2. The IP₃/diacylglycerol signaling pathway

This pathway was first described in T. cruzi [35] and later found in T. brucei [36]. Using [³²P]P_i and [³H]inositol as precursors it was possible to detect phosphatidylinositol (PI), phosphatidylinositol 4-phosphate (PIP) and phosphatidylinositol 4,5-bisphosphate (PIP₂), and their derivatives inositol phosphate (IP), inositol 1,4-bisphosphate (IP₂) and IP₃, respectively, in epimastigotes of T. cruzi. Calcium stimulated the formation of IP₂, IP₃, and diacylglycerol in permeabilized cells [35]. The use of [³H]inositol labeling also identified the presence of IP, IP₂ and IP₃ in T. cruzi amastigotes [37] and trypomastigotes [38], and in procyclic and bloodstream forms of T. brucei [36, 39].

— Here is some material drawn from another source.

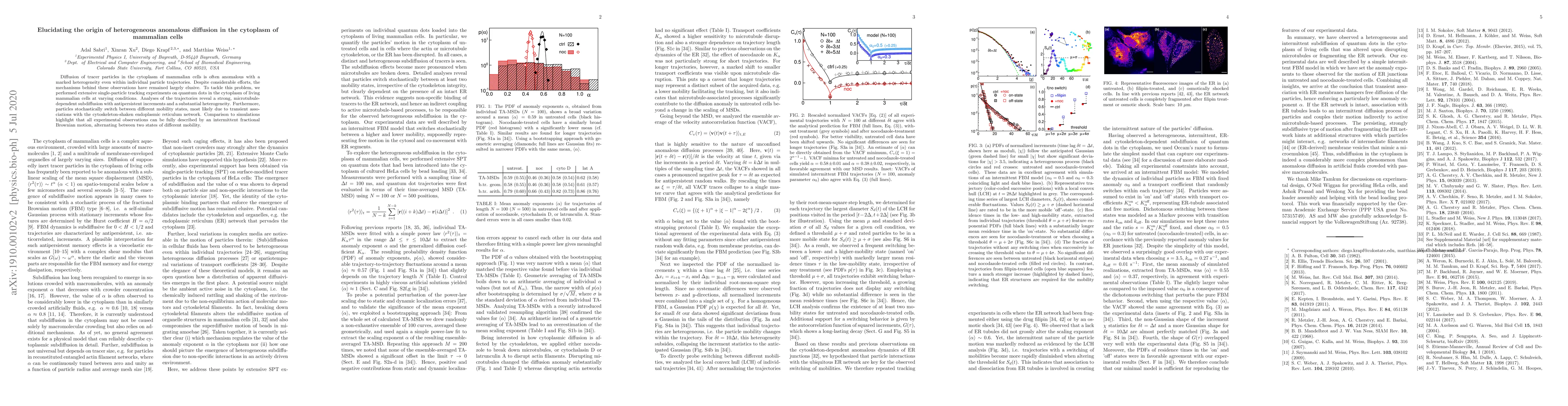 This study elucidates the heterogeneous anomalous diffusion in mammalian cell cytoplasm through single-particle tracking of quantum dots, revealing microtubule-dependent subdiffusion and stochastic transitions between mobility states due to interactions with the cytoskeleton-associated ER network. The findings are best described by an intermittent fractional Brownian motion model.

A novel phosphoinositide-specific phospholipase C (PI-PLC), which is responsible for the hydrolysis of PIP₂ to IP₃ was also identified in T. cruzi [31, 34, 40–43] and T. brucei [44, 45]. The T. cruzi enzyme is different from mammalian PI-PLCs: a) it is stimulated by [Ca²⁺] at above 10 nM; b) lacks a pleckstrin homology (PH) domain; c) has a highly charged linker region between the catalytic X and Y domains; d) has an N-myristoylation consensus sequence at its amino-terminal end, and is dually acylated in vivo by myristate, and palmitate or stearate; and e) is targeted to the plasma membrane [40] (Fig. 2A). Myristoylation is in a glycine residue in the 2^nd position while palmitoylation or stearylation is in the cysteine in the 4^th position of the protein [31]. The amino-terminal 20 amino acids of TcPI-PLC are necessary and sufficient to target a fused GFP to the surface of epimastigotes and amastigotes [31]. Interestingly, TcPI-PLC localizes to the outer surface of amastigotes, and dual acylation is required for this localization [31].

Figure 2.

(A) Schematic domain organization of PLC proteins, from Trypanosoma brucei (TbPI-PLC, Tb927.11.5970), Trypanosoma cruzi (TcPI-PLC, TcCLB.504149.160), and Rattus norvegicus (RnPLC_δ1, NP_058731.1). M, myristoylation domain; PH, Pleckstrin homology domain; EF, EF-hand domain; X and Y, catalytic domains; C2, C2 domain. (B) Schematic domain organization of IP₃R proteins, from T. brucei (TbIP₃R, Tb927.8.2770), T. cruzi (TcIP₃R, TcCLB.509461.90), and R. norvegicus (RnIP₃R1, NM_001007235.2). SD, suppressor domain; MIR, (mannosyltransferase, IP₃R and RyR) domain; RIH, (RyR and IP₃R homology) domain; RIAD, RIH-associated domain; TMDs, transmembrane domains (also called as channel or pore-forming domain); CT, cytosolic-terminus domain (also called as gate keeper domain); IBC, IP₃ binding core domain. The conserved functional domains of the PLC or IP₃R proteins were identified with InterPro (ebi.ac.uk/interpro).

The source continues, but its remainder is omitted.